И Коля, может быть, и шагнул бы в костер, если бы не Петровна. Впрочем, он ждал какого-нибудь чуда. Ждал даже тогда, когда до костра оставалось всего лишь полтора шага и двадцать сантиметров. А чудо не замедлило явиться в лице старой Петровны, которая прибежала вдруг на костровую площадку с ведром в руке. Обидно, конечно, было Коле, что появилась Петровна, а не Маша в образе мадонны, но что поделаешь, жизнь есть жизнь. Наверное, именно это и хотела сказать необразованная, но очень добрая Петровна, у которой уж точно с богиней Красоты полное взаимопонимание. Петровна плеснула прямо в костер из полной цыбарки отвратительно пахнущую, но, должно быть, волшебную жидкость, отчего костер вмиг превратился в туманный пепел, и Коле Почечкину пришлось ступить на мягкую серую золу. А Петровна кричала:
— Да деж це слыхано, щоб жива людына в огонь лизла. От чортова дитвора! Таке придумае. А ну марш видциля, а то я зараз!..
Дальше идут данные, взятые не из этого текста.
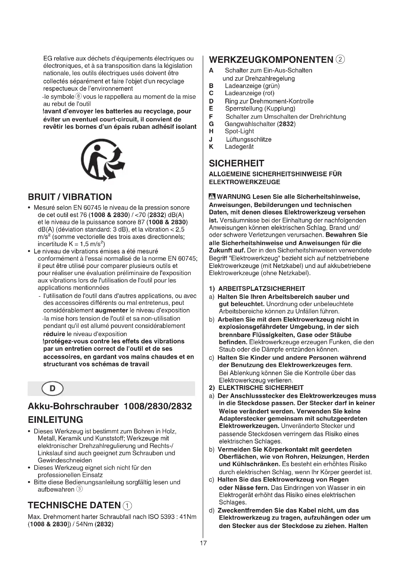 - Die Vibrationsemissionsstufe wurde mit einem standardisierten Test gemäß EN 60745 gemessen; Sie kann verwendet werden, um ein Werkzeug mit einem anderen zu vergleichen und als vorläuge Beurteilung der Vibrationsexposition bei Verwendung des Werkzeugs für die angegebenen Anwendungszwecke - die Verwendung des Werkzeugs für andere Anwendungen oder mit anderem oder schlecht gewartetem Zubehör kann die Expositionsstufe erheblich erhöhen - Zeiten, zu denen das Werkzeug ausgeschaltet ist, oder wenn es läuft aber eigentlich nicht eingesetzt wird, können die Expositionsstufe erheblich verringern ! schützen Sie sich vor den Auswirkungen der Vibration durch Wartung des Werkzeugs und des Zubehörs, halten Sie Ihre Hände warm und organisieren Sie Ihren Arbeitsablauf Oplaadbare boor-/ 1008/2830/2832 schroefmachine INTRODUCTIE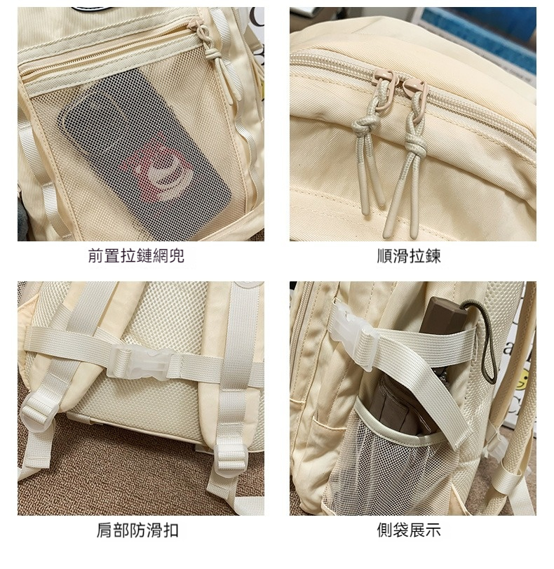 👜結構:主袋(內含網格貼袋、電器緩衝層)、前幅拉鍊袋1(內含內貼袋*2、拉鍊網格袋、網格袋*2)、前幅拉鍊袋2、前幅拉鍊網格袋、兩側插袋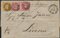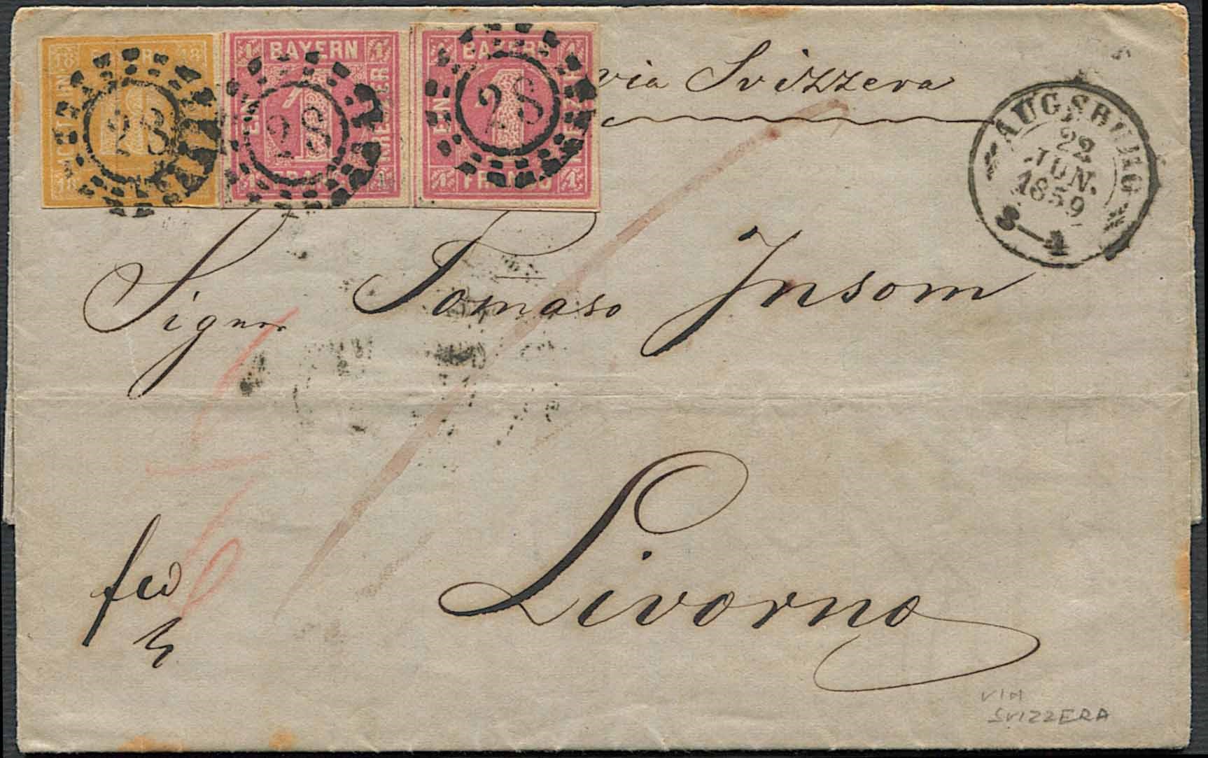 1859, Baviera, lettera da Augusta per Livorno del 22 giugno 1859,, Affrancata con due es. dell’1K. rosa e uno da 18K ocra (YV. 4,8) con fili di seta, annullati con bollo a ruota dentata n°”28” di Augsburg. Transitata “Via di Svizzera” via Chur (23 giugno), Tassata in rosso al verso “10” per i diritti postali elvetici e 6 soldi sul frontespizio per i diritti austriaci. Fr. da 18K leggermente sfiorato in basso. Non comune.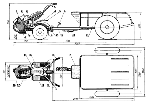 Компоновка мотоблока с прицепом: 1—двигатель (от мотоцикла ММВЗ-3.111); 2 — фильтр воздушный (от ММВЗ-3.111); 3 — катушка зажигания (Б-300); 4 — рычаг управления реверс-редуктором; 5 — рычаг управления коробкой передач двигателя; 6 — педаль тормоза; 7 — глушитель (от мотопомпы MII-800); 8 —рама мотоблока; 9 — щиток грязевой; 10 — узел шарнирный; 11 —рама грузовой тележки; 12 — цилиндр тормозной; 13 —кузов грузовой тележки; 14 — коммутатор электронный (КЭТ-1А); 15 — бак топливный (от мопеда «Рига-12»); 16 — ручка «газа»; 17 — сиденье водителя; 18 —рычаг сцепления; 19 — крыло; 20 — фиксатор рычага запуска двигателя, резиновый; 21 — рычаг запуска двигателя.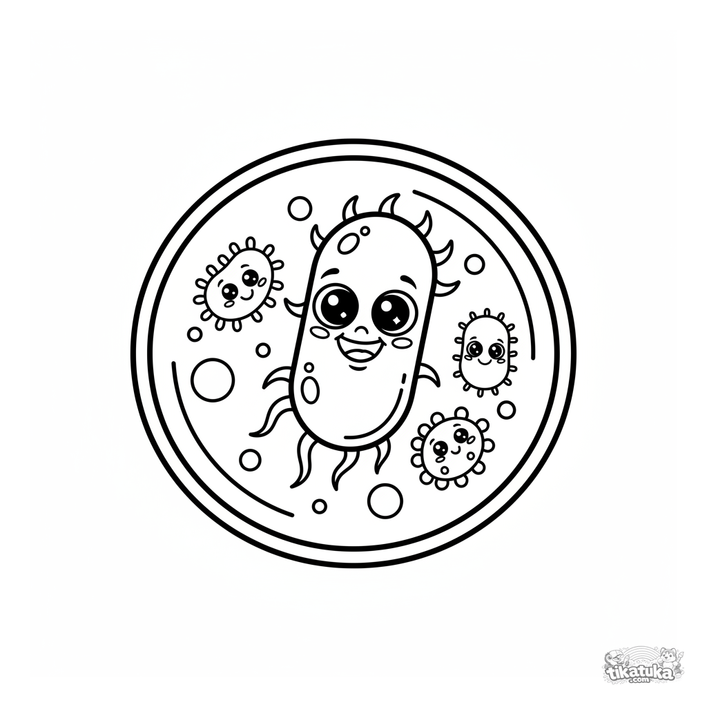 Uma página para colorir de Micróbios com nível Fácil. Ela combina com a idade 2-3 anos, imprime bem em casa e abre imediatamente no modo online.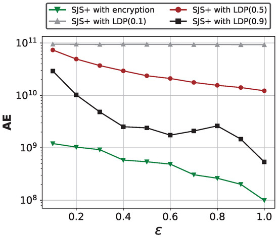 Comparison between encryption and LDP perturbation for frequency property in SDPJoinSketch+. To verify the effectiveness and necessity of using secure encryption methods on frequency properties in SJS+, we compare it with traditional differential privacy methods that add noise to the properties. Note that the information uploaded by users in the second phase can be regarded as a two-dimensional value, i.e., the value to be inserted to the sketch and the frequency property t. Therefore, the privacy budget needs to be divided to satisfy local differential privacy. Figure 11 shows the results of AE comparison between using encryption and directly adding LDP noise to the frequency properties on Zipf (), where we fix , . The decimal values in parentheses indicate the portion of the privacy budget allocated to the frequency properties. We can find that the encryption technique outperforms the LDP methods. And the more randomness added to the frequencies, the lower the estimation accuracy, which further demonstrates the necessity of preserving the true information of frequency properties.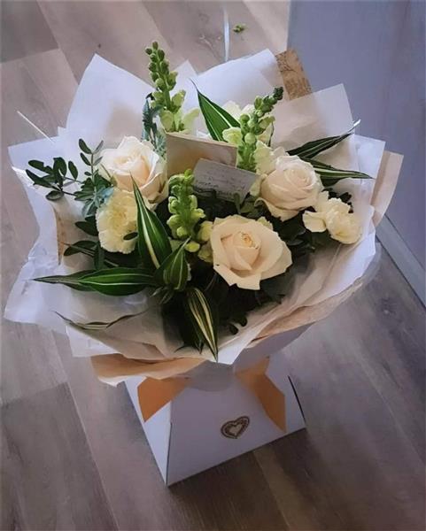 A timeless display of ivory roses, carnations and lush green foliage, finished with a touch of variegated leaves. Classic and elegant, perfect for any occasion. Beautifully wrapped, available in multiple size options.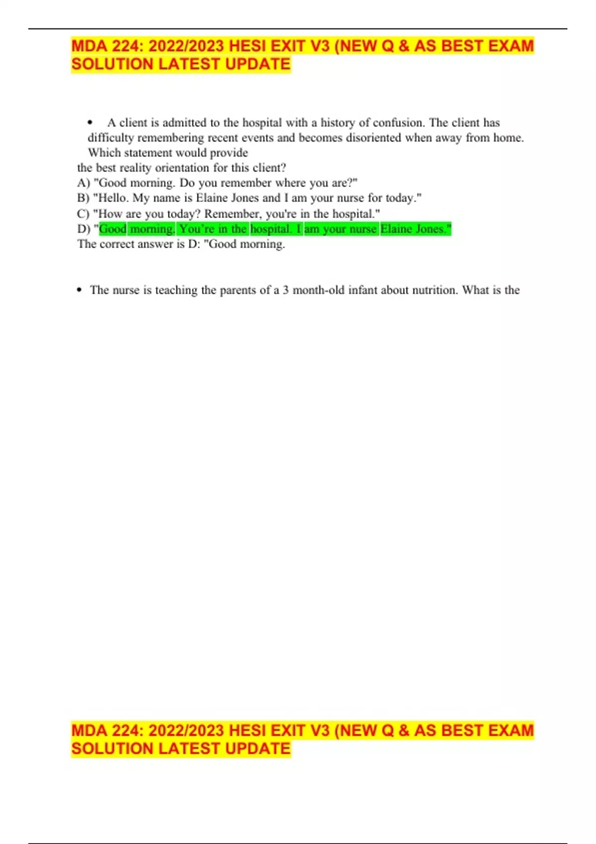 MDA 224: 2022/2023 HESI EXIT V3 (NEW Q & AS BEST EXAM SOLUTION LATEST UPDATE

Коля обрадовался такому концу. Обрадовался еще и потому, что окружающие одобрили весь этот прекрасный финал. Даже Владимир Петрович Попов сказал:
— Что ж, мальчик доказал свою готовность защищать великую идею до самого последнего конца.
И оттого что так отчетливо послышался ему голос Владимира Петровича, решимости еще больше прибавилось в душе. Он побежал на настоящую сегодняшнюю территорию интерната. Вбежал на крыльцо административного корпуса, едва не сшиб с ног Александра Ивановича, беседовавшего со Смолой, и влетел в кабинет Шарова, где продолжалось расследование всех недостатков развития школы будущего.
Очевидно, вид у Коли был страшный. Все замерли, глядя на Золотого мальчика.
— Вы не имели права так поступать! — сказал он, обращаясь к Марафоновой.
— Что с тобой, Коля? — удивлялась Клавдия Степановна.
— Вы очень нехороший человек! — сказал Коля.
— За что же такая неблагодарность, Коленька? — ласково сказал Белль-Ланкастерский, пытаясь погладить мальчика по головке. — Мяса столько съел. Буженину съел. А теперь ругаешься.
— И вы тоже нехороший человек. Уезжайте отсюда! Все уезжайте!
Последние слова привели в замешательство присутствующих. Быстрее всех сообразил, как надо поступить, Шаров. Он сказал:
— Коля, никто не давал тебе право так разговаривать с нашими дорогими гостями. Успокойся. — Шаров подошел к Почечкину. Потрогал головку. — О, да у тебя жар. А ну гукнить врача, — крикнул он в окно. А сам снял с себя пиджак и укрыл им Колю.